Исповедоваться я не собираюсь. Вам достаточно знать, что меня не напрасно прозвали Хватай-Глотай, согласно фамильному и весьма неприятному обычаю, который роднит нас со знатными семьями Древнего Рима, где прозвища были обязательны. Озорник, сорвиголова, бунтарь, забияка, плутишка-воришка, «дрянной мальчик с золотым сердцем». Черноволосый, толстощекий до двенадцати лет, ненавидевший свои пухлые щеки, навлекавшие на меня материнские оплеухи. Рос я плохо, пока мне не вырезали гланды. К несчастью, те же уши, те же волосы, тот же подбородок, что у нашей матушки. Но я весьма гордился своими зубами, крепкими, как у всех Резо, единственное, что у них было здоровое и крепкое и что позволяло им обходиться без щипцов для орехов. Жадный до всего на свете, а больше всего жаждущий жизни. Очень занят собственной особой. Занят не меньше и другими людьми, но при том условии, чтобы у них хватало ума отводить мне не последнее место в своей жизни. Преисполнен почтения к незаурядному уму, будь то друзья или враги, и даже отдаю некоторое предпочтение врагам; одна бровь у меня выше другой, и я хмурю ее только в честь недругов.

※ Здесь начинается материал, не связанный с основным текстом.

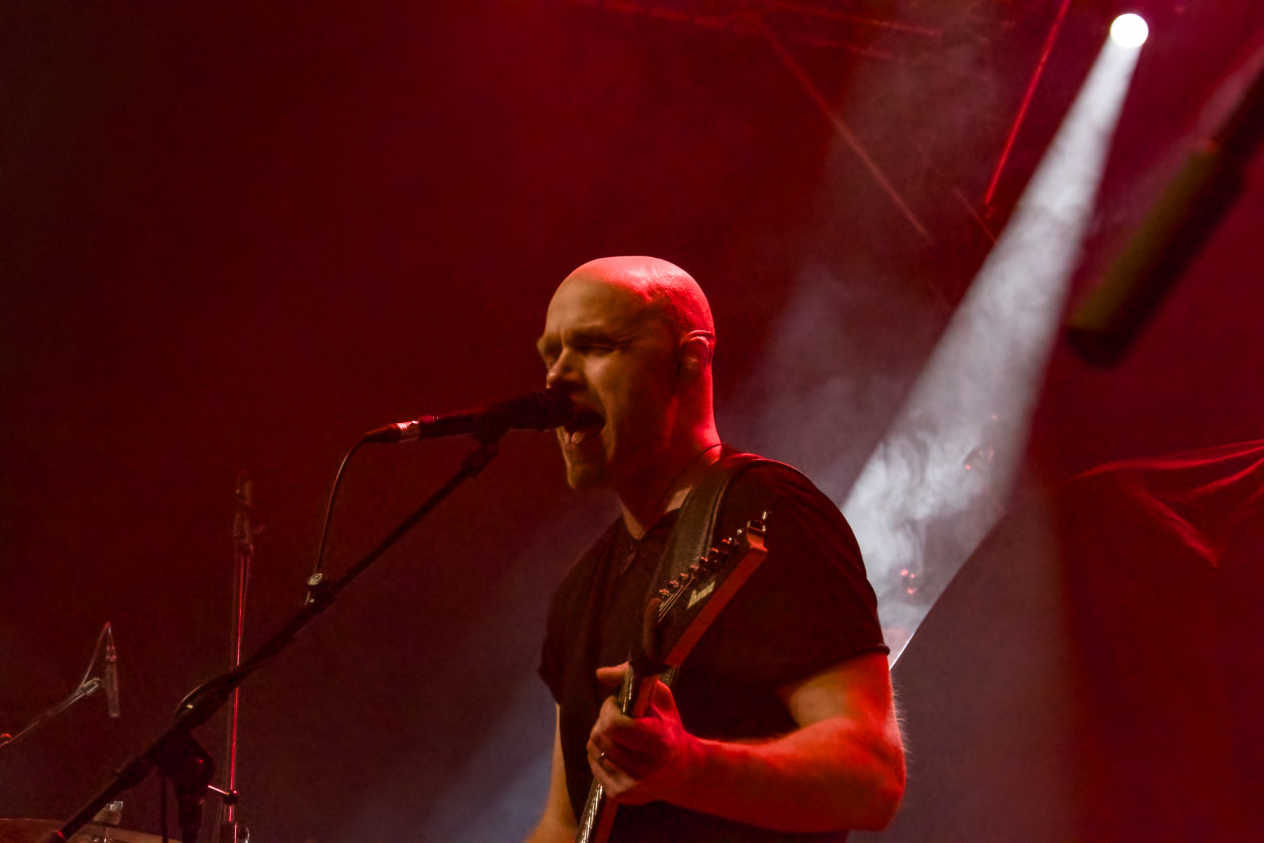 Der leicht provokante Stilbruch passt bestens zur Setlist: Denn das anschließende Stück „Ideate“ vom Album „Cognitive“, mit dem Soen 2012 ihre Studiokarriere starteten, schlägt bekanntlich ruhigere Töne an. Gänsehaut-Garantie gibt es auch bei „Illusion“, das wie das gleichermaßen gefühlvolle „Modesty“ vom Album „Imperial“ (2021) stammt und die enorme Wandlungsfähigkeit der talentierten Truppe aus ehemaligen Musikern von Opeth, Testament und Willowtree beweist.
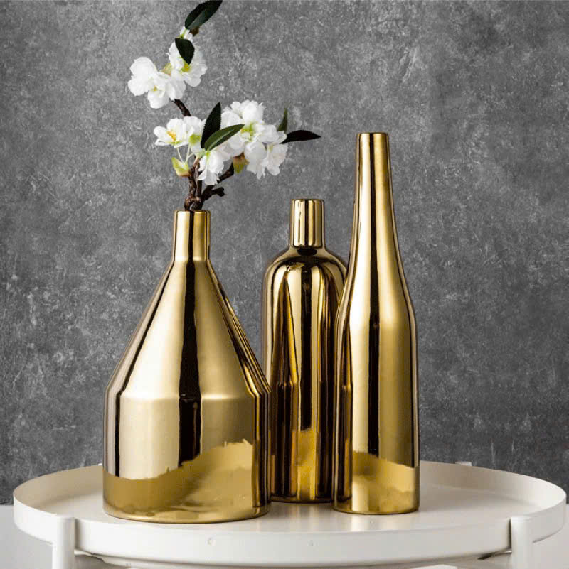 Bộ Lọ Hoa Gốm Mạ Vàng Kiểu Dáng Hiện Đại

Итак, на домашней сцене в «Хвалебном» выступают пять действующих лиц (включая и меня). Зрелище неповторимое! После возвращения родителей дом в Анже был продан. Отец решил круглый год жить в деревне и вышел в отставку, отказавшись от должности преподавателя Католического университета. Предлогом послужила малярия. В сущности, ему просто не терпелось объединить под своим вялым скипетром фамильные угодья и бесславно царствовать там, рассеивая скуку генеалогическими изысканиями и особенно энтомологией (он изучал разновидность мух — сирфидов). Папа был одним из крупнейших в мире сирфидологов. Правда, на всем земном шаре этих знатоков двукрылых насекомых насчитывается не больше сотни. В знаменитых желтых чемоданах, которые он тащил, сойдя с поезда, хранились драгоценные прототипы (для невежд поясню, что словом «прототип» обозначаются впервые найденные и описанные образцы, занесенные в каталоги специалистов). Отец хорошо поработал в Китае. Он привез оттуда пятьдесят новых видов. Это была его гордость, дело его жизни. Не удивительно, что, переехав в «Хвалебное», он прежде всего устроил на чердаке в правом крыле дома свой личный музей и только после этого проявил заботу о детях: нанял для них наставника.

И вот на сцене появляется шестое действующее лицо, правда эпизодическое, но важное, так как в этой роли будут выступать сменяющие друг друга актеры, все, однако, одетые в обезличивающую форму — сутану.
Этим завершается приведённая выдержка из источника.